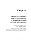 Chapter 4 Latitudinal variation in virus-induced mortality of phytoplankton across the North Atlantic Ocean Kristina D. A. Mojica1, Jef Huisman2, Steven W. Wilhelm3, and Corina P. D. Brussaard1,2 Department of Biological Oceanography, Royal Netherlands Institute for Sea Research (NIOZ), P.O. Box 59, 1790 AB Den Burg, Texel, The Netherlands. 2 Department of Aquatic Microbiology, Institute for Biodiversity and Ecosystem Dynamics (IBED), University of Amsterdam, P.O. Box 94248, 1090 GE Amsterdam, The Netherlands. 3 Department of Microbiology, University of Tennessee, Knoxville, Tennessee 37996, USA. 1 The ISME Journal (2015) in press Chapter 4 Abstract Viral lysis of phytoplankton constrains marine primary production, food web dynamics, and biogeochemical cycles in the ocean. Yet, little is known about the biogeographical distribution of viral lysis rates across the global ocean. To address this, we investigated phytoplankton group-specific viral lysis rates along a latitudinal gradient within the North Atlantic Ocean. The data show large-scale distribution patterns of different virus groups across the North Atlantic that are associated with the biogeographical distributions of their potential microbial hosts. Average virusmediated lysis rates of the picocyanobacteria Prochlorococcus and Synechococcus were lower than those of the picoeukaryotic and nanoeukaryotic phytoplankton (i.e., 0.14 d-1 compared to 0.19 and 0.23 d-1, respectively). Total phytoplankton mortality (virus plus grazer-mediated) was comparable to the gross growth rate, demonstrating high turnover rates of phytoplankton populations. Virusinduced mortality was an important loss process at low and mid latitudes whereas phytoplankton mortality was dominated by microzooplankton grazing at higher latitudes (> 56°N). This shift from a viral-lysis-dominated to a grazing-dominated phytoplankton community was associated with a decrease in temperature and salinity, and the decrease in viral lysis rates was also associated with increased vertical mixing at higher latitudes. Ocean-climate models predict that surface warming will lead to an expansion of the stratified and oligotrophic regions of the world’s oceans. Our findings suggest that these future shifts in the regional climate of the ocean surface layer are likely to increase the contribution of viral lysis to phytoplankton mortality in the higher-latitude waters of the North Atlantic, which may potentially reduce transfer of matter and energy up the food chain and thus affect the capacity of the northern North Atlantic to act as a long-term sink for CO2. 120 Large-scale variation in marine viral lysis rates Introduction Viruses are important mortality agents for marine phytoplankton (Evans et al. 2003; Brussaard 2004a; Tomaru et al. 2004; Baudoux et al. 2006). Through the lysis of their autotrophic hosts viruses regulate primary production (Suttle et al. 1990) and play key roles in species competition and succession of phytoplankton populations (Gobler et al. 1997; Mühling et al. 2005; Haaber and Middelboe 2009). Moreover, lysis of microbes diverts energy and biomass away from the classical grazer-mediated food web towards microbial-mediated recycling and the dissolved organic matter pool. This ‘viral shunt’ reduces the transfer of carbon and nutrients to higher trophic levels, while enhancing the recycling of potential growth-limiting nutrients (Fuhrman 1999; Wilhelm and Suttle 1999). In this manner, viruses have major effects on nutrient cycles and energy flow in the ocean (Brussaard and Martinez 2008; Weitz and Wilhelm 2012). As microbial photoautotrophs are responsible for roughly half of the global annual carbon dioxide fixation and sustain the higher trophic levels in marine ecosystems (Field et al. 1998), their viruses also have the potential to influence these global scale processes. Marine virus dynamics and virus-host interactions are affected by both abiotic and biotic factors (Mojica and Brussaard 2014), which can vary on both spatial and temporal scales. However, despite biogeographical distributions of bacteria and phytoplankton being extensively studied (Irigoien et al. 2004; Martiny et al. 2006; Fuhrman et al. 2008), the possible existence of biogeographical patterns in marine viral populations (and how these may vary) has received less attention (Breitbart and Rohwer 2005; Angly et al. 2006; Matteson et al. 2013). For example, thermal stratification is an important factor regulating phytoplankton dynamics and ocean-climate models predict that global warming will lead to an expansion of the stratified regions of the world’s oceans (Sarmiento et al. 1998; Toggweiler and Russell 2008). Projected alterations to stratification and vertical mixing have the potential to affect the species composition (Huisman et al. 2004; Mojica et al. 2015), phenology (Edwards and Richardson 2004), productivity (Gregg et al. 2003; Behrenfeld et al. 2006; Polovina et al. 2008), size structure (Daufresne et al. 2009; Hilligsøe et al. 2011), nutritional value (Mitra and Flynn 2005; van de Waal et al. 2010), abundance (Richardson and Schoeman 2004) and biogeographical distribution (Doney et al. 2012; Flombaum et al. 2013; van de Poll et al. 2013) of marine phytoplankton. As obligate parasites, viruses rely upon their host to provide the machinary, energy and resources required for viral replication and assembly. 121 4 Chapter 4 Consequently, factors regulating the physiology, production and removal of the host are also important in governing viral dynamics (Van Etten et al. 1983; Moebus 1996; Baudoux and Brussaard 2008; Maat et al. 2014). Therefore, future changes in stratification also have the potential to affect the composition and distribution of viral assemblages associated with phytoplankton communities, and the sensitivity of marine phytoplankton populations to grazing and viral infection. The North Atlantic Ocean offers a large-scale latitudinal gradient, with permanent 
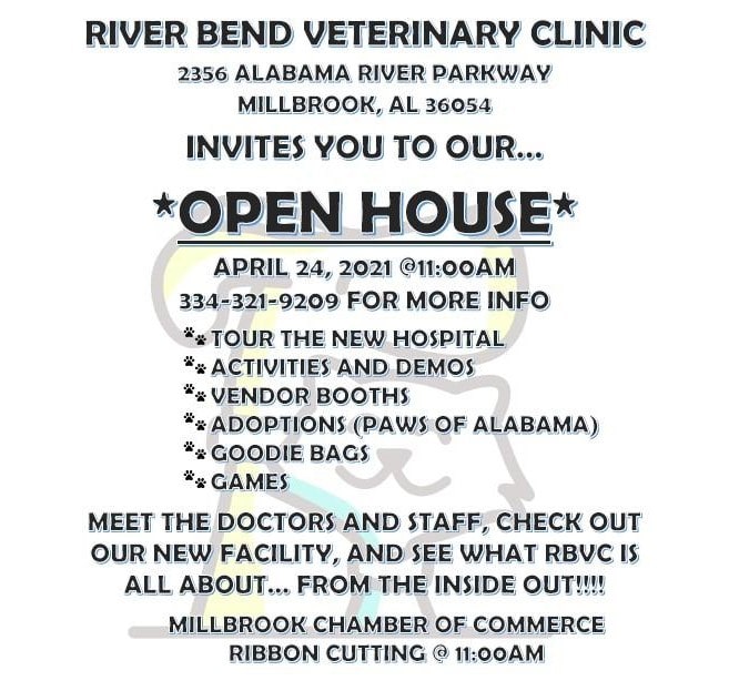 The River Bend Veterinary Clinic is located at 2356 Alabama River Parkway. The community is invited to the Open House which begins at 11 a.m. For more information, you can call 334 321-9209.
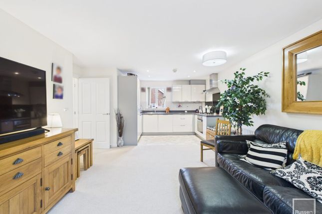 At the heart of the property lies the open-plan living and dining area, a naturally light-filled space designed to accommodate both relaxation and entertaining with ease. Large windows allow daylight to pour in, enhancing the sense of openness and creating a comfortable setting for everyday living. The layout flows seamlessly into the adjoining kitchen, which has been fitted with a range of units providing ample storage and worktop space, with space for a tumble dryer or dishwasher. Integrated appliances include an oven and fridge/freezer, alongside a washing machine, ensuring the space is as functional as it is practical.
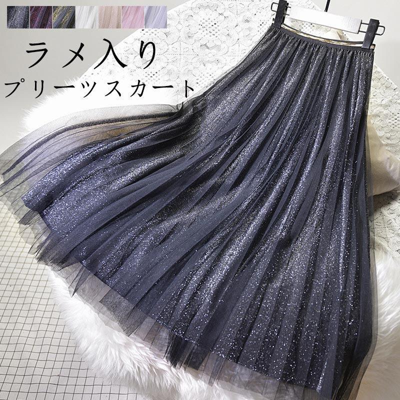 チュールスカート ロング プリーツスカート スカート 春 夏 レディース ボトムス 大きいサイズ ロングスカート プリーツ ラメ ラメ入り フレアスカー チュール
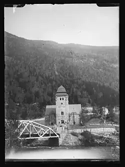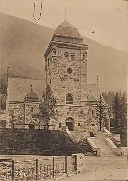 The village of Rjukan began to grow quickly during the early part of the 20th century. In 1911 residents began working towards getting a church built in the village. In 1912, a closed architectural competition for the design of the new church was held with three participants. It was won by the brothers Carl Berner and Jørgen Berner. Originally, it was intended that the church should be built by the village square, but it ended up on the Einungsdalen estate near Ingolfsland. The new church was completed in 1915 and it was consecrated on 21 December 1915. The new church had a cruciform design and it was made out of natural stone. There was a large tower at the entrance on the southwest side.[3][4]
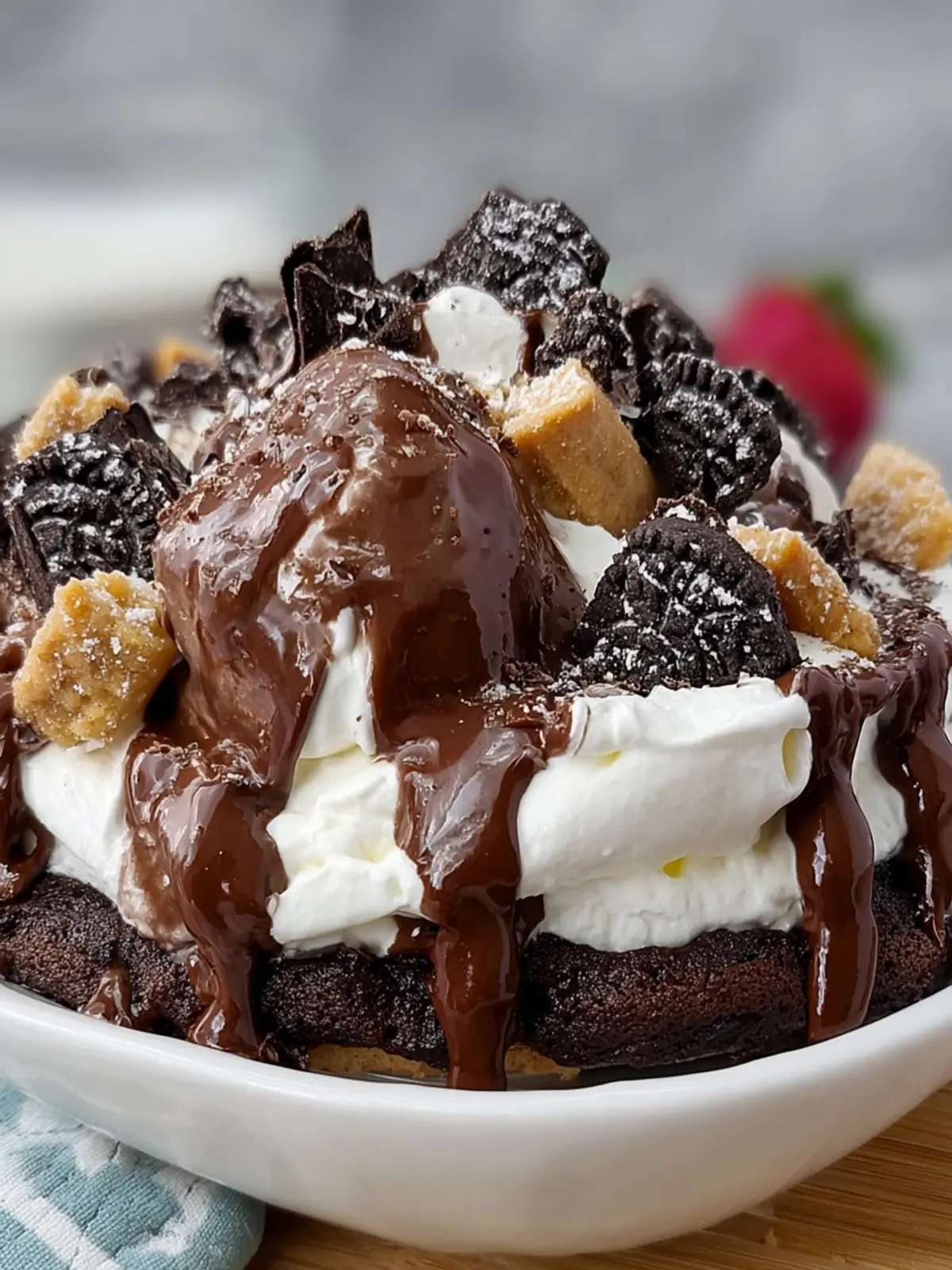 A rich and layered dessert featuring chocolate pudding, crushed cookies, and whipped cream.
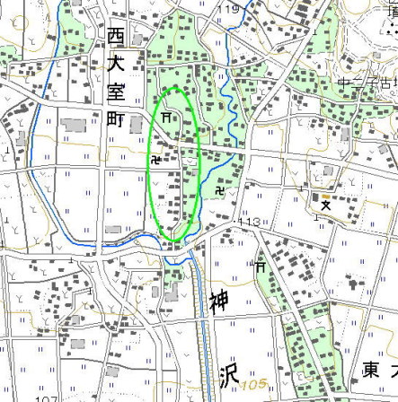 <沿革> 12世紀末ごろまで大室氏がいたとされるが、そのころすでに城館が営まれていたかは不明 である。 史料に現れるのは、戦国時代に入り、白井長尾氏家臣牧氏の居城としてである。長尾憲景 の次男政景(上杉景勝の父の上田長尾政景とは別人。後に景広と改名)は後北条氏の人質 となっていたが、北条氏の意向により利根川以東の長尾氏領を分知されることになった。 しかし、白井長尾氏当主の兄輝景や大室城主牧和泉守・同弾正はこれを承知しなかった。 天正十一年(1583)、北条氏の後ろ盾を得た政景は牧氏を攻め滅ぼして城と領土を奪った。 その後、政景は大室城に居城したと思われるが、詳細は不明である。同十八年(1590)の 小田原の役で白井長尾氏は所領を失い、後に越後上杉氏を頼った。 慶長六年(1601)、酒井重忠が前橋藩主となると、酒井氏家臣の石川氏が大室城を管理 することになった。それまでは、重忠の前の前橋城主であった平岩親吉が大室城を預かって いたものと推測されるが、確証はない。寛延二年(1749)に酒井家が姫路へ転封となると、 大室城の管理は最善寺に任せられたとされる。ただし、酒井氏時代にすでに城としての体裁 は失われていたものと考えられる。 <手記> 大室城は、西神沢川の支脈と東神沢川に挟まれた、細長い台地上の城です。丘の頂部に ある大室神社が本丸で、その東麓の二の丸とで主城域を形成しています。本丸の周囲には 土塁が、二の丸の周囲には土塁と水濠が巡っています。また、主城から両神沢川の合流点 まで、総郭が細長く伸びているのが特徴です。 |
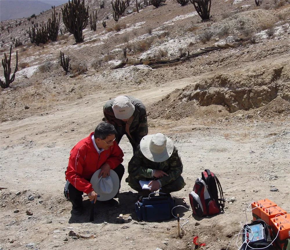 何继善院士(居中)在秘鲁铁矿勘探现场

──────────

ACTIVITY:
Please retype the lines from the one that contains "A rich and layered" to the final line of the records, both included, exactly as written and without any pictures.

PROBLEM SOLUTION:
 A rich and layered dessert featuring chocolate pudding, crushed cookies, and whipped cream.
 <沿革> 12世紀末ごろまで大室氏がいたとされるが、そのころすでに城館が営まれていたかは不明 である。 史料に現れるのは、戦国時代に入り、白井長尾氏家臣牧氏の居城としてである。長尾憲景 の次男政景(上杉景勝の父の上田長尾政景とは別人。後に景広と改名)は後北条氏の人質 となっていたが、北条氏の意向により利根川以東の長尾氏領を分知されることになった。 しかし、白井長尾氏当主の兄輝景や大室城主牧和泉守・同弾正はこれを承知しなかった。 天正十一年(1583)、北条氏の後ろ盾を得た政景は牧氏を攻め滅ぼして城と領土を奪った。 その後、政景は大室城に居城したと思われるが、詳細は不明である。同十八年(1590)の 小田原の役で白井長尾氏は所領を失い、後に越後上杉氏を頼った。 慶長六年(1601)、酒井重忠が前橋藩主となると、酒井氏家臣の石川氏が大室城を管理 することになった。それまでは、重忠の前の前橋城主であった平岩親吉が大室城を預かって いたものと推測されるが、確証はない。寛延二年(1749)に酒井家が姫路へ転封となると、 大室城の管理は最善寺に任せられたとされる。ただし、酒井氏時代にすでに城としての体裁 は失われていたものと考えられる。 <手記> 大室城は、西神沢川の支脈と東神沢川に挟まれた、細長い台地上の城です。丘の頂部に ある大室神社が本丸で、その東麓の二の丸とで主城域を形成しています。本丸の周囲には 土塁が、二の丸の周囲には土塁と水濠が巡っています。また、主城から両神沢川の合流点 まで、総郭が細長く伸びているのが特徴です。 |
 何继善院士(居中)在秘鲁铁矿勘探现场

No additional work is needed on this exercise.